At a time before the advent of a rationalized system of numbered addresses, people in cities understood the places in which they lived their lives as a network of integrated spatial and social relationships between streets, people, institutions, and activities. this was no less true in the case of the first “modern” tax census carried out in Florence, in 1427. Known as the catasto, this massive experiment in developing a demographic portrait of the city required each household to declare where they stood, literally, in relation to the state and their immediate neighbor. By processing these relational stems of address, digital technologies now allow us the ability to build a social map of every Florentine household in the city at a moment when the city precisely at a moment when the city was transforming, experimenting with, and inventing forms of cultural production, economic innovation, and political practices that have had lasting effects on the history of the west. And the visualization of such a map will help us to understand the way in which Florentines understood their collective identity, who they were, as a function of where they were: where they lived, where they worked, where they prayed, and even where they died.

Ken Frank
Nov. 10, 2020

We compare the model of social network influence with the spatial model. In particular, we compare the agency of the actor to choose specific ties in network data with implied distances in dictated by location in spatial data. This has implications for controlling for the selection process in estimating effects. It also has implications for accelerating polarization when influence and selection reinforce one another.

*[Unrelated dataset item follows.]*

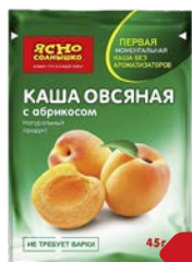
Каша овсяная ЯШО СОЛНЫШКО , абрикос, 45 г

Austin Wright and Konstantin Sonin
Nov. 17, 2020

Classic and modern theories of asymmetric warfare emphasize the role of combat tac-tics rebels employ against better equipped government forces. In our model, rebels acquire information about government vulnerabilities and calibrate the timing of their attacks. We test implications of the model using highly detailed data about Afghan rebel attacks and U.S.-led counterinsurgent operations as well as previously unreleased military information about rebel-led spy networks. Leveraging quasi-random variation in revenue from the opium trade, we fi nd a robust link between local economic shocks and the patterns of rebel attacks, which is significantly enhanced in areas where rebels spy on and in filtrate military bases. Shortages of rebel fighters and increases in government surveillance operations reduce attack clustering. Finally, we present the first evidence that the clustered timing of rebel attacks undermines soldier efficiency, leading to an increase in bomb-related casualties to government troops.

Milena Almagro
Dec. 1, 2020

This paper argues that the endogeneity of amenities plays a crucial role in the welfare distribution of a city's residents by reinforcing location sorting. We quantify this channel by leveraging spatial variation in tourism flows and the entry of home-sharing platforms, such as Airbnb, as shifters of location characteristics to estimate a dynamic model of residential choice. In our model, consumption amenities in each location are the equilibrium outcome of a market for services, which are supplied by firms and demanded by heterogeneous households. We estimate the model using detailed Dutch microdata, which allows us to track the universe of Amsterdam's residents over time and the evolution of a rich set of neighborhood amenities. Our results indicate significant heterogeneity across households in their valuation of different amenities, as well as in the response of amenities to demographic composition. We show that allowing for this endogenous response increases inequality between demographic groups whose preferences are closely aligned, but decreases it if substantially misaligned, suggesting heterogeneity in the two-way mapping between households and amenities plays a crucial distributive role. Finally, we highlight the distributional implications of our estimates by evaluating currently debated policies, such as zoning, as well as price and quantity regulations in housing markets.